Identify the line with "View full detailsArtificial"; copy word for word that line and every one after it, to the end of the listing. Exclude pictures.

(PROVIDED DATA begins)

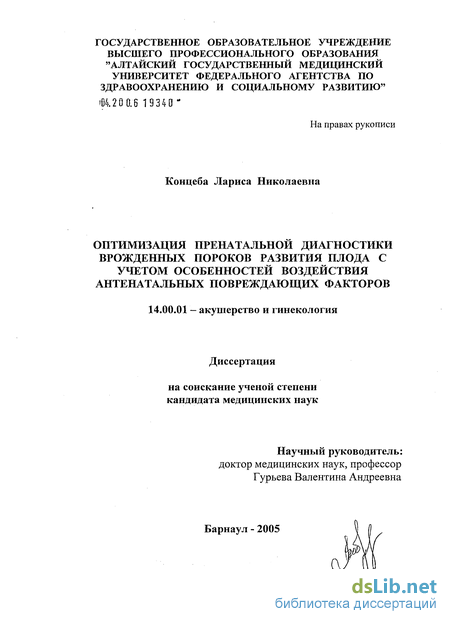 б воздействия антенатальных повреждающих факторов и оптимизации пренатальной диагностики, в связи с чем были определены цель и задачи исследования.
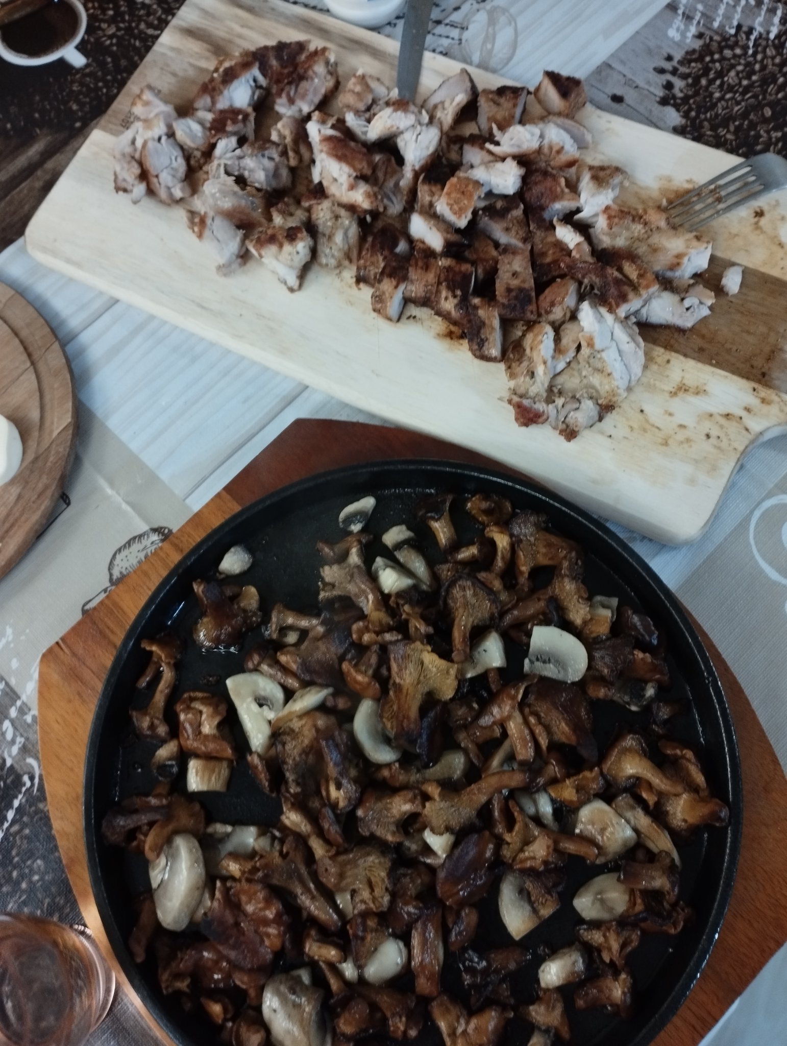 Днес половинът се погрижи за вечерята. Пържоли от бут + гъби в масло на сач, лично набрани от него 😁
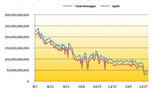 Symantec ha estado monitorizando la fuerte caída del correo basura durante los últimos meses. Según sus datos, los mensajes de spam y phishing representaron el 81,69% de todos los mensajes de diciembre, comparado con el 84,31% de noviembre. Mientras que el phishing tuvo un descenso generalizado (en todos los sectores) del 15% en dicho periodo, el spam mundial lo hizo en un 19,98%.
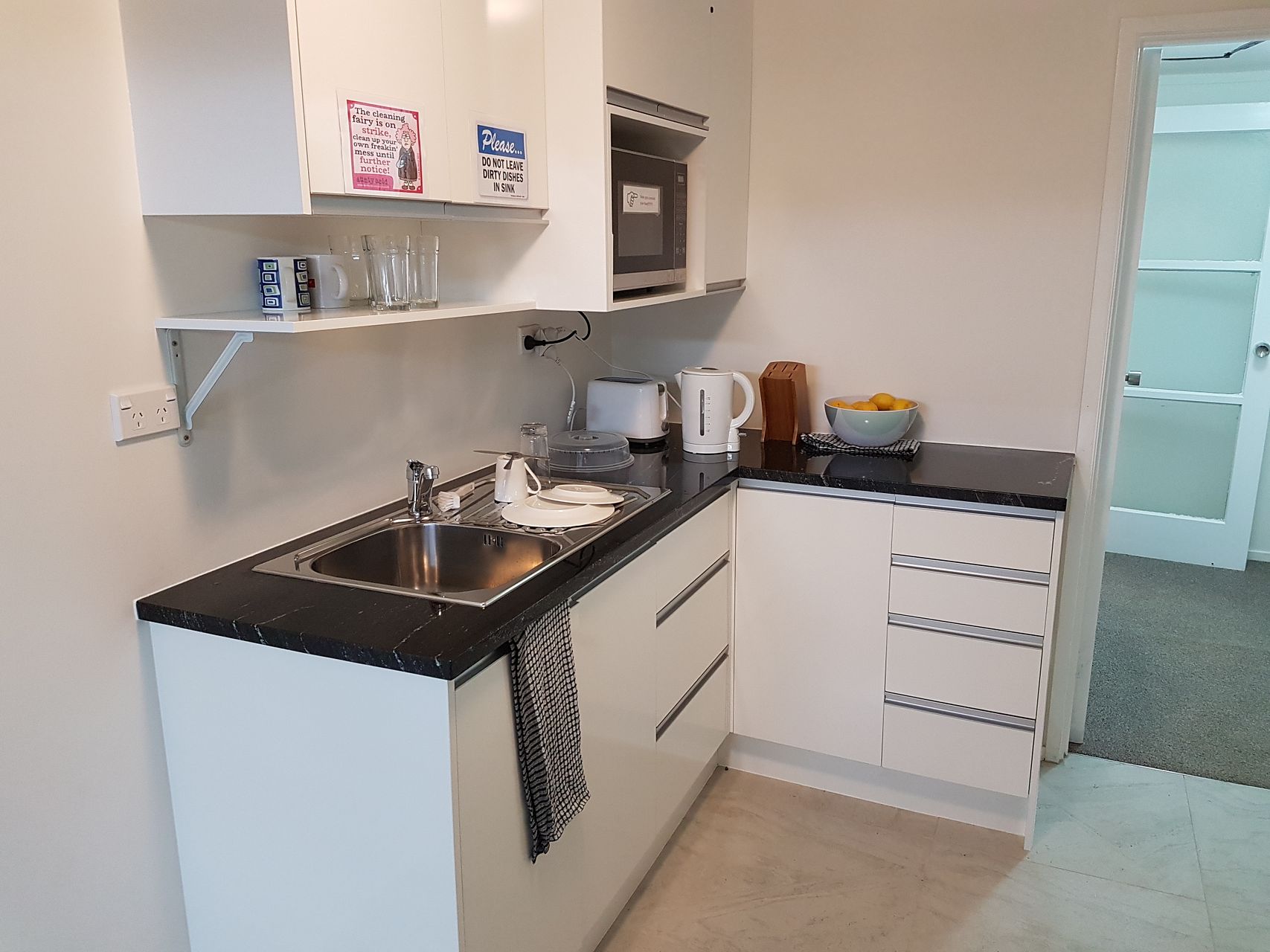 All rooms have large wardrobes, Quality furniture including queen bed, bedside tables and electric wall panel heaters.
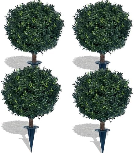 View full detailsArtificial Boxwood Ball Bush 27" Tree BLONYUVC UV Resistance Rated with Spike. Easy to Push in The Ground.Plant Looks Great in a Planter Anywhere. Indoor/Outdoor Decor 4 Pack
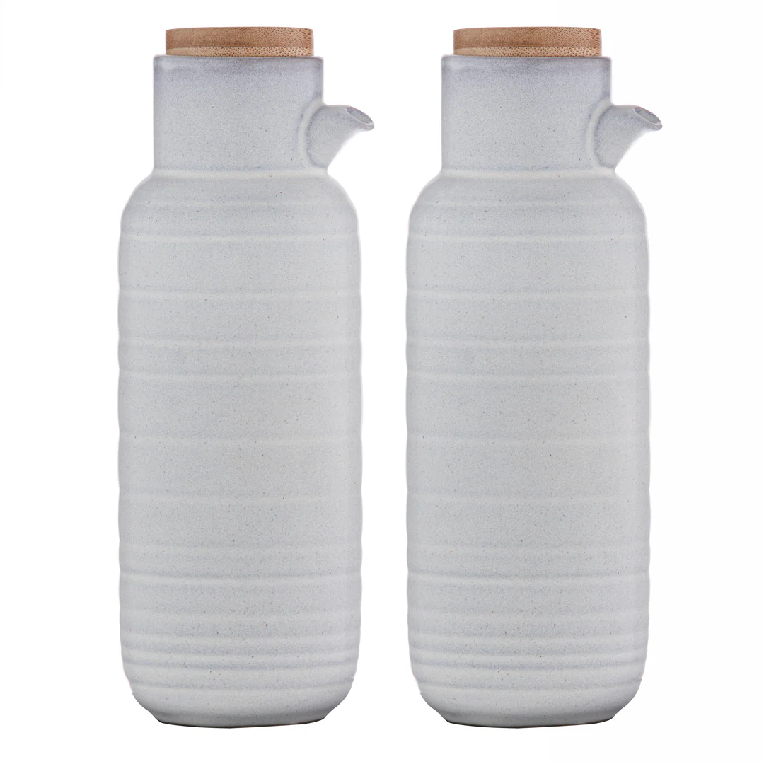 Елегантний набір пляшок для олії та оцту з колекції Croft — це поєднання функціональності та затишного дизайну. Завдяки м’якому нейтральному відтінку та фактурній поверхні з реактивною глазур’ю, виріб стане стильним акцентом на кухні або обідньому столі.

(PROVIDED DATA ends)

- **RESPONSE AREA**:
 View full detailsArtificial Boxwood Ball Bush 27" Tree BLONYUVC UV Resistance Rated with Spike. Easy to Push in The Ground.Plant Looks Great in a Planter Anywhere. Indoor/Outdoor Decor 4 Pack
 Елегантний набір пляшок для олії та оцту з колекції Croft — це поєднання функціональності та затишного дизайну. Завдяки м’якому нейтральному відтінку та фактурній поверхні з реактивною глазур’ю, виріб стане стильним акцентом на кухні або обідньому столі.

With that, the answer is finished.